ASSIGNMENT
Transcribe, exactly and without pictures, the lines below from the line with "Zegarek Apple Watch" to the line with "For friends with", both ends included, and no others.

SOURCE MATERIAL section start

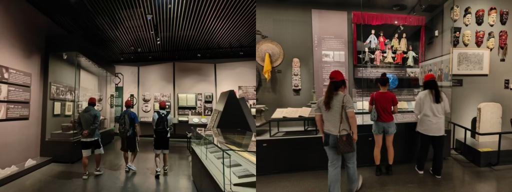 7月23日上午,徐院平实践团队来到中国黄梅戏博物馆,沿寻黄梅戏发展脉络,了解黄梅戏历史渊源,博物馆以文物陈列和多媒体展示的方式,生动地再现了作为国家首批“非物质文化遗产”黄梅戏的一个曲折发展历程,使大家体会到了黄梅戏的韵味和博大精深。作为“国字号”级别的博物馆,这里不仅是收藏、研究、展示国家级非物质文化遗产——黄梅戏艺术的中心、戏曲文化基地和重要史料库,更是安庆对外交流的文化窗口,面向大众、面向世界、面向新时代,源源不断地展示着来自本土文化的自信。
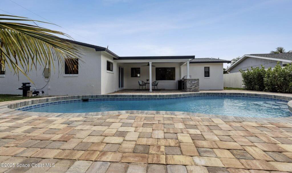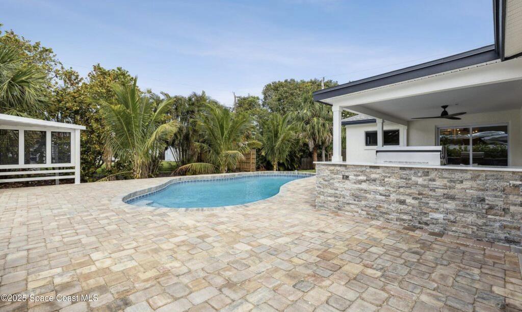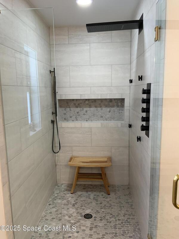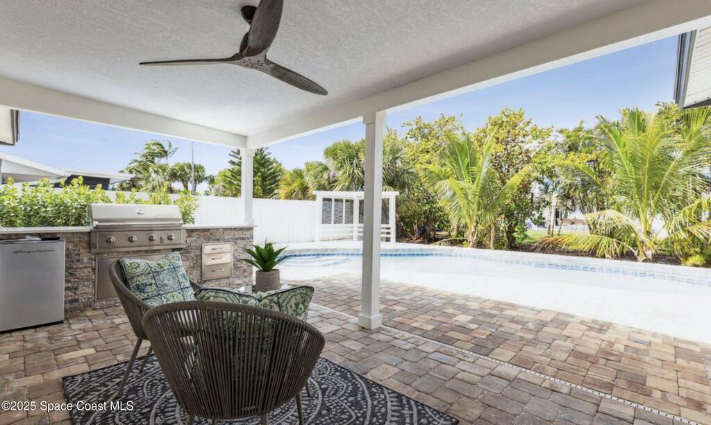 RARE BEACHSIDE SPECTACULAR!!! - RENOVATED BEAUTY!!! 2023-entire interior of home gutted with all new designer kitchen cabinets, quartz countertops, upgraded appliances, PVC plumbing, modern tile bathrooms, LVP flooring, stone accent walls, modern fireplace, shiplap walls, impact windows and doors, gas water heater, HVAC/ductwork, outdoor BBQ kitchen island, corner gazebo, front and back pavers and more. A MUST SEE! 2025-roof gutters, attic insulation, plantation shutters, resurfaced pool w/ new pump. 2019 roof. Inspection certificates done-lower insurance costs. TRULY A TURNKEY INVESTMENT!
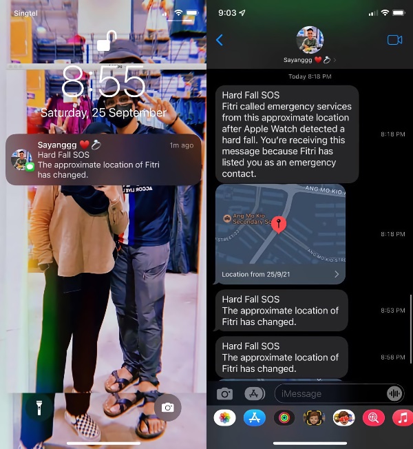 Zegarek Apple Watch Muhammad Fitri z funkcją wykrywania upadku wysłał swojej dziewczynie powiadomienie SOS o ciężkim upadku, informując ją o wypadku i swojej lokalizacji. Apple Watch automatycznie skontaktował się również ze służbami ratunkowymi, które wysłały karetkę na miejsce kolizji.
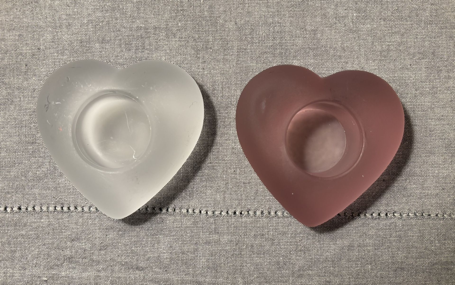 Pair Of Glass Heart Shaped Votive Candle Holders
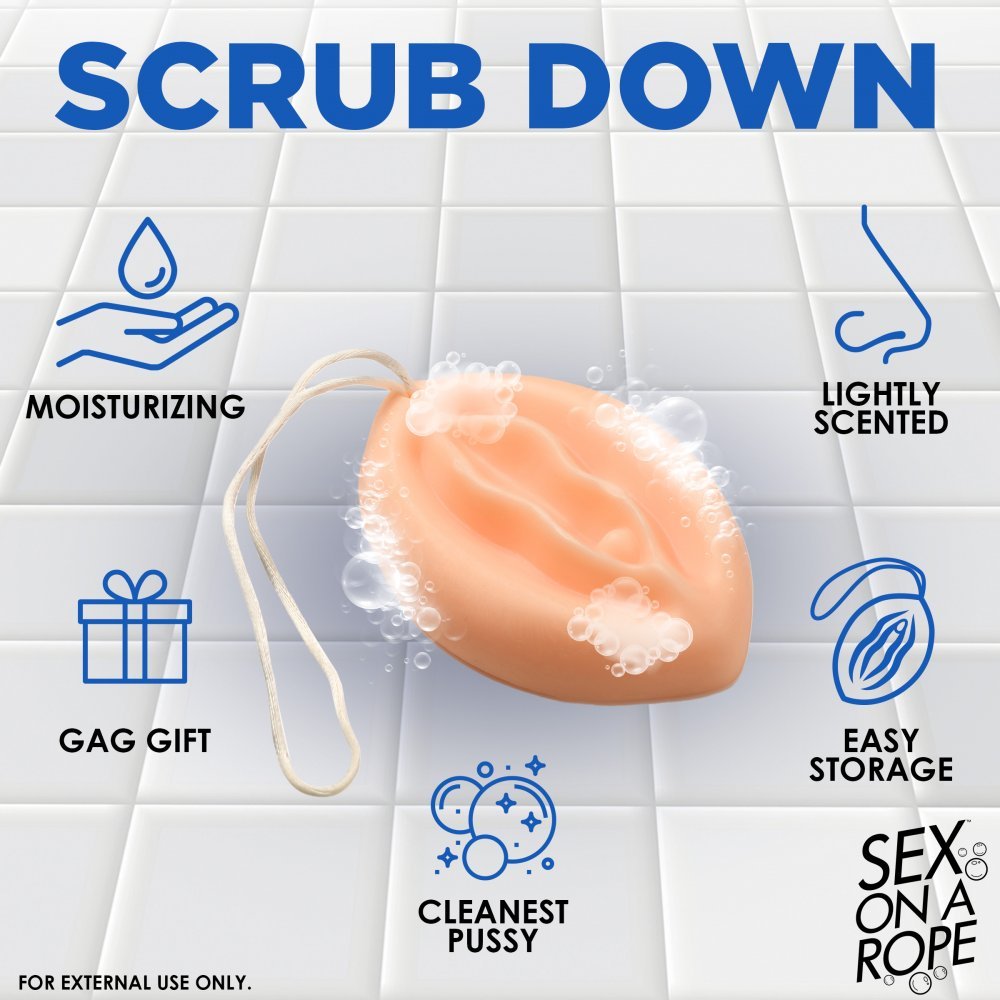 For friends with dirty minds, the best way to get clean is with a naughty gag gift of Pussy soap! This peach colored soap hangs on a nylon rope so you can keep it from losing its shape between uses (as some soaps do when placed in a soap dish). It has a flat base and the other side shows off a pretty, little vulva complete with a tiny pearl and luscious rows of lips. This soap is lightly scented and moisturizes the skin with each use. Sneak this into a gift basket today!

SOURCE MATERIAL section end
SOURCE MATERIAL section start

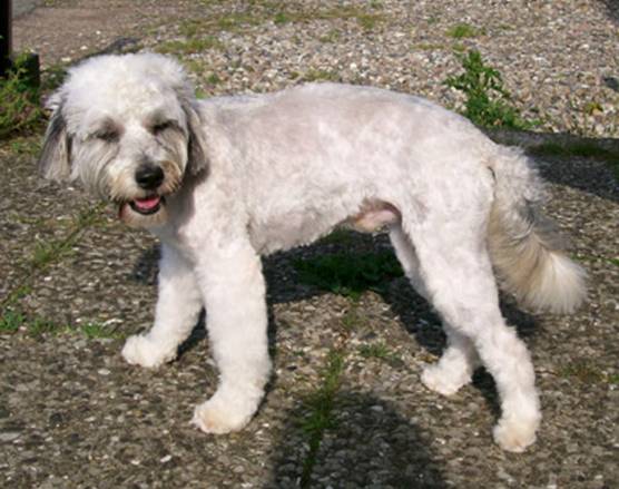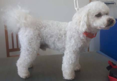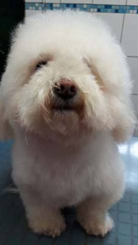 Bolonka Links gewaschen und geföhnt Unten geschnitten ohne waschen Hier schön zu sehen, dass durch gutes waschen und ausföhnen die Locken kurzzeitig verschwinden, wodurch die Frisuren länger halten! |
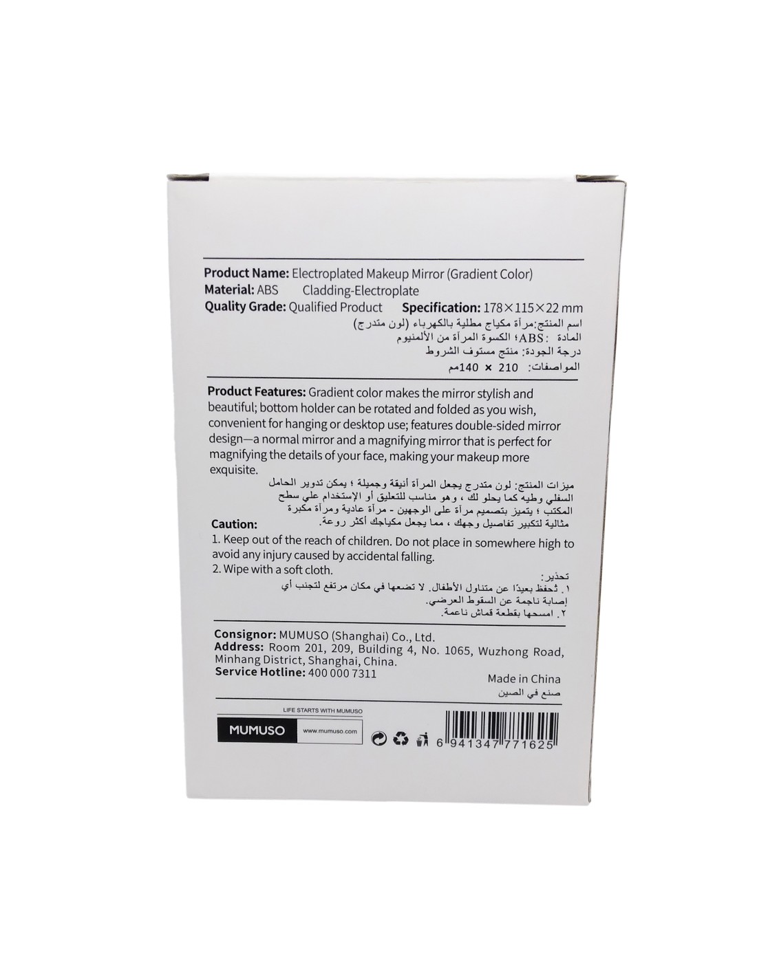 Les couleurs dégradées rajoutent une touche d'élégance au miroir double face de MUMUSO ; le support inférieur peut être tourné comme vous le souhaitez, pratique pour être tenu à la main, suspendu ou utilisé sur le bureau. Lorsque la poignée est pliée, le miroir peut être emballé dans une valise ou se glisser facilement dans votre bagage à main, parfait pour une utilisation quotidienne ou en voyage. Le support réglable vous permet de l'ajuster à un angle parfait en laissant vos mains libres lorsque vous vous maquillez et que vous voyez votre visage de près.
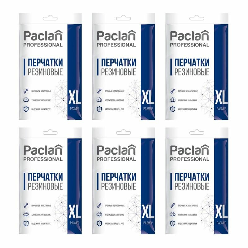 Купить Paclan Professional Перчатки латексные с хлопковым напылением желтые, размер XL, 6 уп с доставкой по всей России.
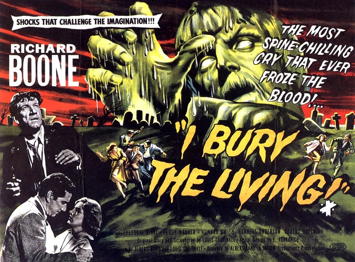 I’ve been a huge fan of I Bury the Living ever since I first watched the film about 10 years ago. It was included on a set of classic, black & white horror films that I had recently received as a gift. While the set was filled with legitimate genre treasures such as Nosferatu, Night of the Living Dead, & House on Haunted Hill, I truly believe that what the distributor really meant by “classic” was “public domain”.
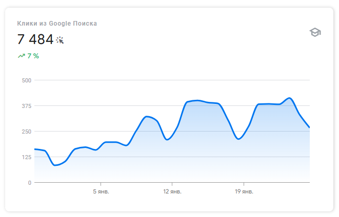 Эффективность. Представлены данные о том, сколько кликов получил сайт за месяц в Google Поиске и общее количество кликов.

SOURCE MATERIAL section end

ANSWER TO THIS EXERCISE
 Zegarek Apple Watch Muhammad Fitri z funkcją wykrywania upadku wysłał swojej dziewczynie powiadomienie SOS o ciężkim upadku, informując ją o wypadku i swojej lokalizacji. Apple Watch automatycznie skontaktował się również ze służbami ratunkowymi, które wysłały karetkę na miejsce kolizji.
 Pair Of Glass Heart Shaped Votive Candle Holders
 For friends with dirty minds, the best way to get clean is with a naughty gag gift of Pussy soap! This peach colored soap hangs on a nylon rope so you can keep it from losing its shape between uses (as some soaps do when placed in a soap dish). It has a flat base and the other side shows off a pretty, little vulva complete with a tiny pearl and luscious rows of lips. This soap is lightly scented and moisturizes the skin with each use. Sneak this into a gift basket today!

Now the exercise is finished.